> [WHAT YOU WILL DO]
In the entries below, find the line with "2.6. lncRNA–miRNA–mRNA Network Analysis" and the line with "9月14日,甘谷縣人大常委會". Repeat exactly everything between them, those two lines included, but not the pictures.

> [EXCERPTED DATA]
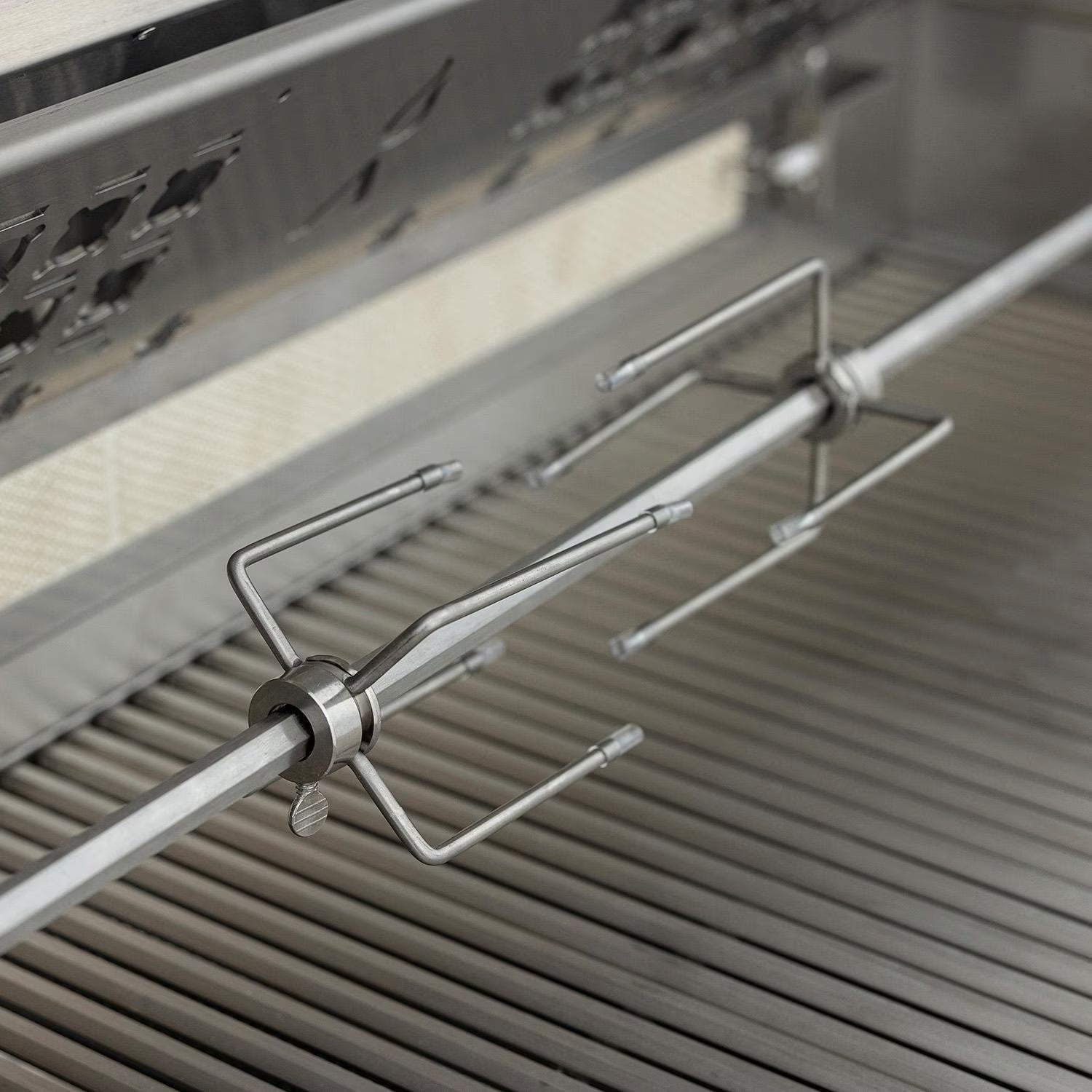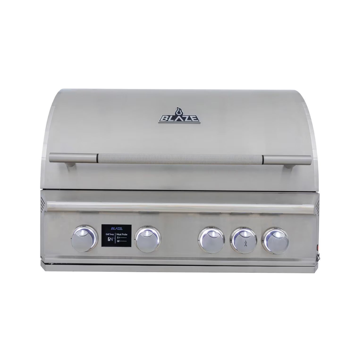 The Blaze LTE PRO 32-inch natural gas grill combines premium construction with innovative cooking features designed for serious grilling enthusiasts. Built entirely from 304 stainless steel with cast stainless steel burners, this grill delivers exceptional durability and reliable flame-thrower ignition. Four main burners provide 14,000 BTUs each, plus a 10,000 BTU rear burner for rotisserie cooking and warming. The upgraded 12mm hexagonal cast stainless steel grates offer superior heat retention for steakhouse-quality searing. A spring-assist hood with increased clearance accommodates larger cuts and whole poultry, while the digital control panel with dual meat probes ensures precise temperature monitoring. Additional conveniences include a versatile warming rack with specialized food holders, interior and knob lighting for safe evening cooking, and a double-lined hood to prevent discoloration. Four distinct cooking zones provide the flexibility to prepare any dish with professional results.
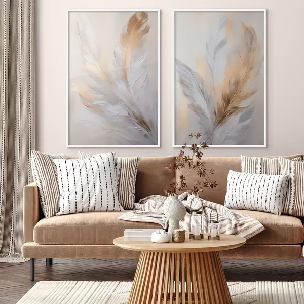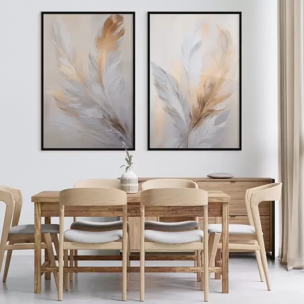 Poster Narancssárga akcentussal díszített tollak, texturált minimalista kompozíció, modern művészet Nr d00828
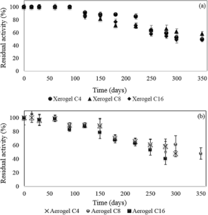 Zubiolo, C., Santos, R. C. A., Carvalho, N. B., Soares, C. M. F., Lima, A. S., & De Aquino Santana, L. C. L. (2014). Encapsulation in a sol-gel matrix of lipase from Aspergillus niger obtained by bioconversion of a novel agricultural residue. Bioprocess and Biosystems Engineering, 37(9), 1781–1788. https://doi.org/10.1007/s00449-014-1151-3.
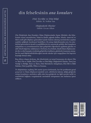 Din Felsefesinin Ana Konuları: İslam Düşüncesinden Seçme Metinler, din felsefesinin temel meselelerini, İslam’ın klasik çağında kelâm, felsefe, tasavvuf ve fıkıh usulü gibi düşünce gelenekleri içinde kaleme alınmış metinlerden yapılan seçkiler eşliğinde incelemeyi hedefliyor. Bu amaç doğrultusunda eser, bu entelektüel geleneklerin kendi iç çeşitliliklerini de yansıtacak şekilde dinî inançların anlaşılması ve yorumlanmasına dair geliştirilen öğretilerin açıklama gücüne ve aklî-felsefî değerine odaklanıyor. Derleme, bu yönüyle, klasik İslam düşüncesinde din ve dinî inançlar etrafında geliştirilen izahların, günümüz insanının arayışları ile nasıl ilişkilendirilebileceğini merak edenler için vazgeçilmez bir başvuru kaynağı olmaya aday.
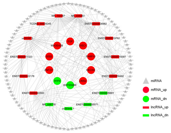 2.6. lncRNA–miRNA–mRNA Network Analysis
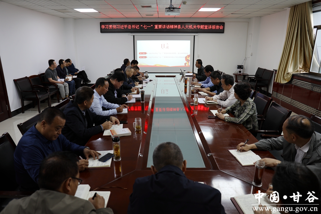 9月14日,甘谷縣人大常委會(huì)機(jī)關(guān)舉行學(xué)習(xí)貫徹習(xí)近平總書記“七一”重要講話精神專題宣講報(bào)告會(huì)。縣人大常委會(huì)副主任頡明軍、楊曉濤、張世誠(chéng)出席報(bào)告會(huì)。縣人大常委會(huì)副主任薛希武主持報(bào)告會(huì)。
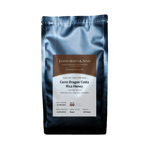 Honey Cerro Dragón Costa Rica is in the San José Province, the farm sits under the shadow of the Cerro Caraigres, the Cerro Dragon mountain massif, which is said to look like a sleeping dragon when seen from the Central Valley. It is owned by Ricardo Valverde Fernandéz, who teamed up with four farmer friends to build their own processing plant which now produces approximately 500 bags of SHB beans per year. Our daughter visited the plant in 2019 and loved the coffee so much that we ordered some from our importers immediately.
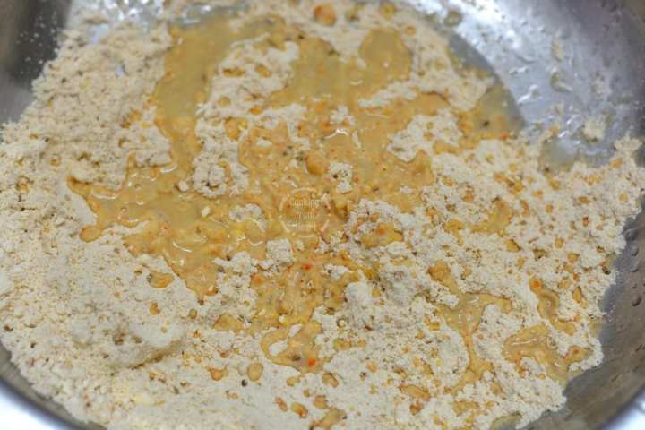 3. Knead this into a soft pliable dough by adding water as needed. Set this aside until the Dal is ready.
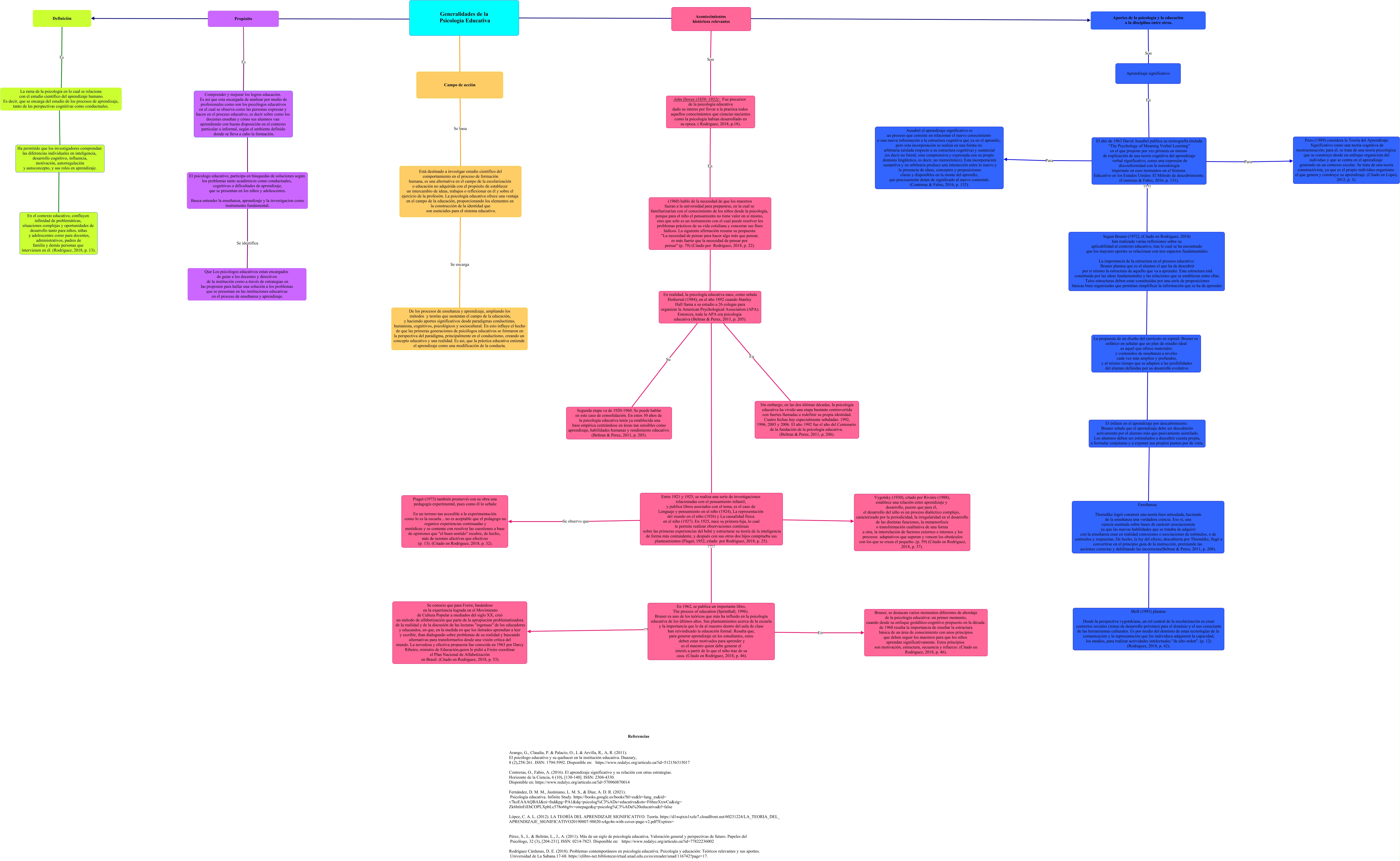 Este Cmap, tiene información relacionada con: Generalidades de la Psicologia Educativa_Edna Tatiana Diaz, Está destinado a investigar estudio científico del comportamiento en el proceso de formación humana, es una alternativa en el campo de la escolarización o educación no adquirida con el propósito de establecer un intercambio de ideas, trabajos o reflexionar en él y sobre el ejercicio de la profesión. La psicología educativa ofrece una ventaja en el campo de la educación, proporcionando los elementos en la construcción de la identidad que son esenciales para el sistema educativo. Se encarga De los procesos de enseñanza y aprendizaje, ampliando los métodos y teorías que sustentan el campo de la educación, y haciendo aportes significativos desde paradigmas conductistas, humanista, cognitivos, psicológicos y sociocultural. En esto influye el hecho de que las primeras generaciones de psicólogos educativos se formaron en la perspectiva del paradigma, principalmente en el conductismo, creando un concepto educativo y una realidad. Es asi, que la práctica educativa entiende el aprendizaje como una modificación de la conducta., Ha permitido que los investigadores comprendan las diferencias individuales en inteligencia, desarrollo cognitivo, influencia, motivación, autorregulación y autoconcepto, y sus roles en aprendizaje. ???? En el contexto educativo, confluyen infinidad de problemáticas, situaciones complejas y oportunidades de desarrollo tanto para niños, niñas y adolescentes como para docentes, administrativos, padres de familia y demás personas que intervienen en él. (Rodríguez, 2018, p. 13)., Generalidades de la Psicología Educativa ???? Acontecimientos históricos relevantes, Aportes de la psicología y la educación a la disciplina entre otros. Son Aprendizaje significativo, Acontecimientos históricos relevantes Son John Dewey (1859- 1952): Fue precursor de la psicologia educativa dado su interes por llevar a la practica todos aquellos conocimientos que ciencias nacientes como la psicologia habian desarrollado en su epoca. ( Rodriguez, 2018, p.18)., El énfasis en el aprendizaje por descubrimiento: Bruner señala que el aprendizaje debe ser descubierto activamente por el alumno más que pasivamente asimilado. Los alumnos deben ser estimulados a descubrir cuenta propia, a formular conjeturas y a exponer sus propios puntos por de vista. ???? Enseñanza: Thorndike logró construir una teoría bien articulada, haciendo de la enseñanza una verdadera ciencia. Eso sí, una ciencia asentada sobre bases de carácter asociacionista ya que las nuevas habilidades que se trataba de adquirir con la enseñanza eran en realidad conexiones o asociaciones de estímulos, o de estímulos y respuestas. De hecho, la ley del efecto, descubierta por Thorndike, llegó a convertirse en el principio guía de la instrucción, premiando las acciones correctas y debilitando las incorrectas(Beltran & Perez, 2011, p. 208)., Comprender y mejorar los logros educación. Es así que esta encargada de analizar por medio de profesionales como son los psicólogos educativos en el cual se observa como las personas expresan y hacen en el proceso educativo, es decir sobre como los docentes enseñan y cómo sus alumnos van aprendiendo con buena disposición en el contexto particular o informal, según el ambiente definido donde se lleva a cabo la formación. f El psicologo educativo, participa en búsquedas de soluciones según los problemas tanto académicos como conductuales, cognitivos o dificultades de aprendizaje, que se presentan en los niños y adolescentes. Busca entender la enseñanza, aprendizaje y la investigacion como instrumento fundamental., (1960) habló de la necesidad de que los maestros fueran a la universidad para prepararse, en la cual se familiarizarían con el conocimiento de los niños desde la psicología, porque para el niño el pensamiento no tiene valor en sí mismo, sino que solo es un instrumento con el cual puede resolver los problemas prácticos de su vida cotidiana y concertar sus fines lúdicos. La siguiente afirmación resume su propuesta: "La necesidad de pensar para hacer algo más que pensar, es más fuerte que la necesidad de pensar por pensar" (p. 79) (Citado por Rodriguez, 2018, p. 22). ???? En realidad, la psicología educativa nace, como señala Hothersal (1984), en el año 1892 cuando Stanley Hall llama a su estudio a 26 colegas para organizar la American Psychological Association (APA). Entonces, toda la APA era psicología educativa (Beltran & Perez, 2011, p. 205)., Generalidades de la Psicología Educativa ???? Aportes de la psicología y la educación a la disciplina entre otros., Definición Es La rama de la psicología en lo cual se relaciona con el estudio científico del aprendizaje humano. Es decir, que se encarga del estudio de los procesos de aprendizaje, tanto de las perspectivas cognitivas como conductuales., En realidad, la psicología educativa nace, como señala Hothersal (1984), en el año 1892 cuando Stanley Hall llama a su estudio a 26 colegas para organizar la American Psychological Association (APA). Entonces, toda la APA era psicología educativa (Beltran & Perez, 2011, p. 205). En Sin embargo, en las dos últimas décadas, la psicología educativa ha vivido una etapa bastante controvertida con fuertes llamadas a redefinir su propia identidad. Cuatro fechas hay especialmente señaladas: 1992, 1996, 2003 y 2006. El año 1992 fue el año del Centenario de la fundación de la psicología educativa. (Beltran & Perez, 2011, p. 206)., Entre 1921 y 1925, se realiza una serie de investigaciones relacionadas con el pensamiento infantil, y publica libros asociados con el tema, es el caso de Lenguaje y pensamiento en el niño (1924), La representación del mundo en el niño (1926) y La causalidad física en el niño (1927). En 1925, nace su primera hija, lo cual le permite realizar observaciones continuas sobre las primeras experiencias del beb

> [RESULT OF THE TASK]
 2.6. lncRNA–miRNA–mRNA Network Analysis
 9月14日,甘谷縣人大常委會(huì)機(jī)關(guān)舉行學(xué)習(xí)貫徹習(xí)近平總書記“七一”重要講話精神專題宣講報(bào)告會(huì)。縣人大常委會(huì)副主任頡明軍、楊曉濤、張世誠(chéng)出席報(bào)告會(huì)。縣人大常委會(huì)副主任薛希武主持報(bào)告會(huì)。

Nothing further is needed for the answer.